I kind of suspect these small powerhead/circ pumps do not measure themselves by the same standards as say, a pond pump. I have a UV sterilizer/pond pump rated at 1000 gph, and it would make intolerable current in a 75 gallon tank. It is also 14 inches long and 6 inches across. I don't think they all rate themselves the same...


----------



## anthony126 (Aug 6, 2014)

To give you an idea I have a 130gal tank with a 3200gal per hr wave maker and I wouldn't go any less. I would think for a 75 gal tank you want at least a 1500 gal per hour. Also agree about the fish not really playing in it (although they inevitably will - and do) it is mainly to give enough movement to stop poo settling. Hope that helps


----------



## Narwhal72 (Sep 26, 2006)

Keep in mind that a traditional powerhead produces a high velocity flow through a narrow outlet. A prop style circulation pump produces a low velocity flow over a wide area.

They can have very different effects in the aquarium.


----------



## JP_92 (Aug 2, 2013)

Thanks for the replies guys, I was out of town for the weekend. Anyway back on subject I think Narwhal72 has answered my question on what I should have bought. =D>

I purchased a model JVP 101 online (link removed for seller) and with my lack of knowledge on the equipment I read in forums about how an 800gph powerhead would create a solid current around half to three quarters of a 75 gallon. In the tag line it says powerhead and 800gph sounds like a lot of water movement but I never took in the mechanics of the wavemaker. I've actually taken a class in fluid power before haha I just assumed 800gph was A LOT stronger.

My main reason for wanting it was to move poop better as I recently switched to sand from gravel but I have a submersible filter and a HOB from an old turtle set up. The submersible filter has mild to medium flow and I noticed some of the fish liked to swim against it but after the switch I had to position it differently.

Since I have this thread I might as well ask you guys for recommending me a proper powerhead. I'd be looking to have a strong current zone for around a 1/3 of the tank and a nice flow to move poop from one of my corners to reach my HOB filter. Right now there's a bit of a dead zone. Also are there any cheap quiet ones out there? This wavemaker was extremely loud but I guess you get what you pay for. With a narrow outlet I'd imagine they'd be fairly quiet similar to my submersible filter, am I right?


----------



## Narwhal72 (Sep 26, 2006)

Yeah with that style of pump it's not going to seem like a lot of flow.

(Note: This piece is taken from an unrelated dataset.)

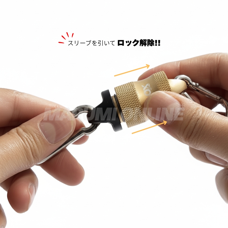 タックルを外すときはスリーブを引くだけ。装着はマグネットの磁力でオートロック!

I use Aqueon Circulation pumps myself. I would go with the Aqueon 1650 for your size tank. Keep in mind that the stronger the flow the more the sand will move too. On one of my 120's all the sand moves from the left side of the tank to the right side in about two weeks. But that is mostly because the Geophagus orient into the current and each mouthful of sand they pick up ends up moving 2-3" right each time. When I do water changes I just smooth it all back out.

Andy


----------